#### Exercise input ####

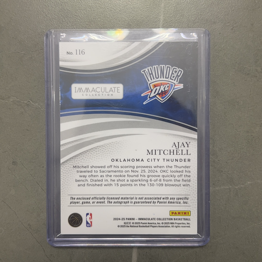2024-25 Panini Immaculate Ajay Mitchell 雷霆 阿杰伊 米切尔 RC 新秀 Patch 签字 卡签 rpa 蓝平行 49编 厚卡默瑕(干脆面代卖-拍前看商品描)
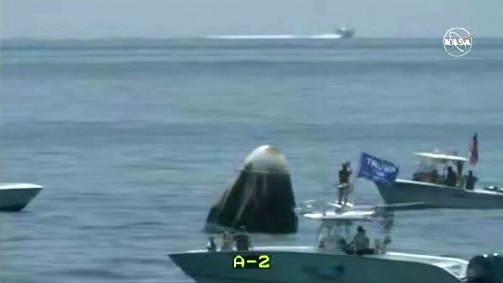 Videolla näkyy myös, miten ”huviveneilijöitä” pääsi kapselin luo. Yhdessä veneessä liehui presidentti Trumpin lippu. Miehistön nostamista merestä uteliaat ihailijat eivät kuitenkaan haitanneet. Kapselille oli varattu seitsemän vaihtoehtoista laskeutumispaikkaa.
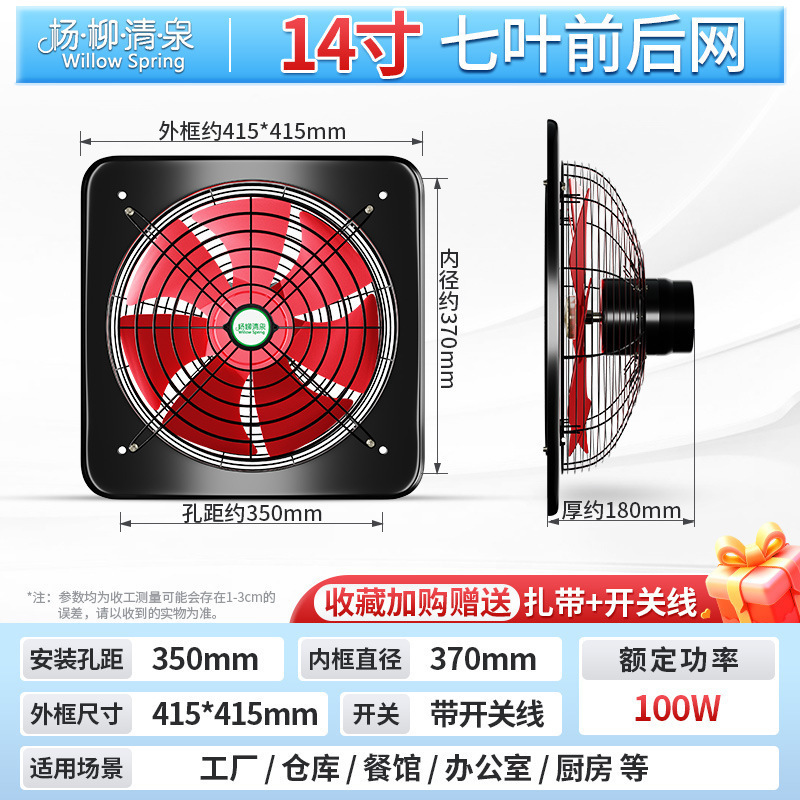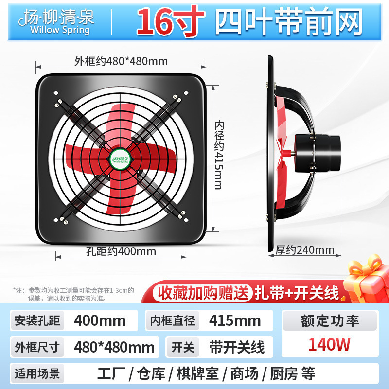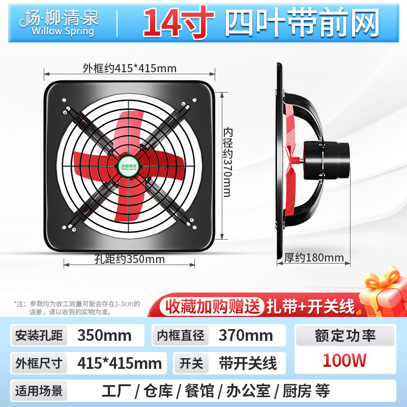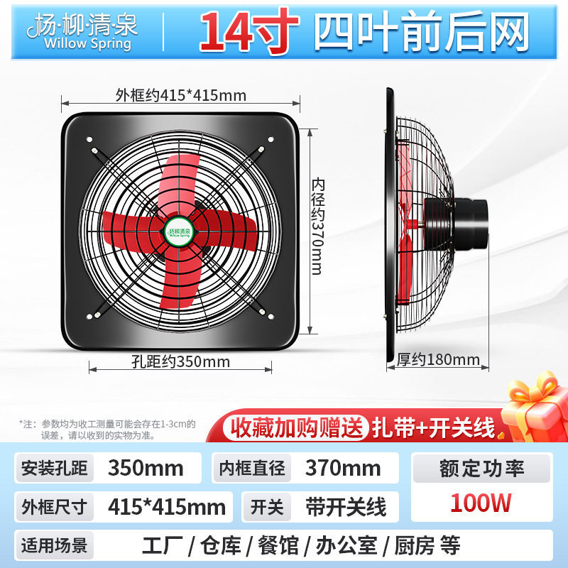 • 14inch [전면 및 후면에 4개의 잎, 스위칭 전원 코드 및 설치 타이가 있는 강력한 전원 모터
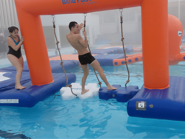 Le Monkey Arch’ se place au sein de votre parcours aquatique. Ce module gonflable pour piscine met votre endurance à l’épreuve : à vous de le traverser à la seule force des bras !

####
#### Exercise input ####

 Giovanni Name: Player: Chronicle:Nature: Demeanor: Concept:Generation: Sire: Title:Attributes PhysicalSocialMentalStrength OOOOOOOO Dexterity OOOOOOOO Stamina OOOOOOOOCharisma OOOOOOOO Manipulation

####
#### Exercise input ####

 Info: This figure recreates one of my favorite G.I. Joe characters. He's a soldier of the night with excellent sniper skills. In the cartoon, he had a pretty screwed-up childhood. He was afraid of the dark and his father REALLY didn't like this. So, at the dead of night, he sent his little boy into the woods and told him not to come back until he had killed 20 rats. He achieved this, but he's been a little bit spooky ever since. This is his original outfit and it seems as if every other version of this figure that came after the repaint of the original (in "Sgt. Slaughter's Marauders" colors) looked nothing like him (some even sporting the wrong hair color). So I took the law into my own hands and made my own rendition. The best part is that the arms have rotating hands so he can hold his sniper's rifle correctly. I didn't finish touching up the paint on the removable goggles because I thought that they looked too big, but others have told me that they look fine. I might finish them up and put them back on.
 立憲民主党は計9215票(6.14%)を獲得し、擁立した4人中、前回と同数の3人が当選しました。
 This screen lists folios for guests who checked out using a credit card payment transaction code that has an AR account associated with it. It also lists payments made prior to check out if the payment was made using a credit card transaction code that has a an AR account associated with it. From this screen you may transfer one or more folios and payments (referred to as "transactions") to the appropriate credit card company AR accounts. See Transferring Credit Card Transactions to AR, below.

####

How to complete this task => Repeat the lines above exactly, beginning with the one containing "Videolla näkyy myös, miten" and finishing with the one containing "Le Monkey Arch’". No pictures belong in the copy.

Exercise response =>
 Videolla näkyy myös, miten ”huviveneilijöitä” pääsi kapselin luo. Yhdessä veneessä liehui presidentti Trumpin lippu. Miehistön nostamista merestä uteliaat ihailijat eivät kuitenkaan haitanneet. Kapselille oli varattu seitsemän vaihtoehtoista laskeutumispaikkaa.
 • 14inch [전면 및 후면에 4개의 잎, 스위칭 전원 코드 및 설치 타이가 있는 강력한 전원 모터
 Le Monkey Arch’ se place au sein de votre parcours aquatique. Ce module gonflable pour piscine met votre endurance à l’épreuve : à vous de le traverser à la seule force des bras !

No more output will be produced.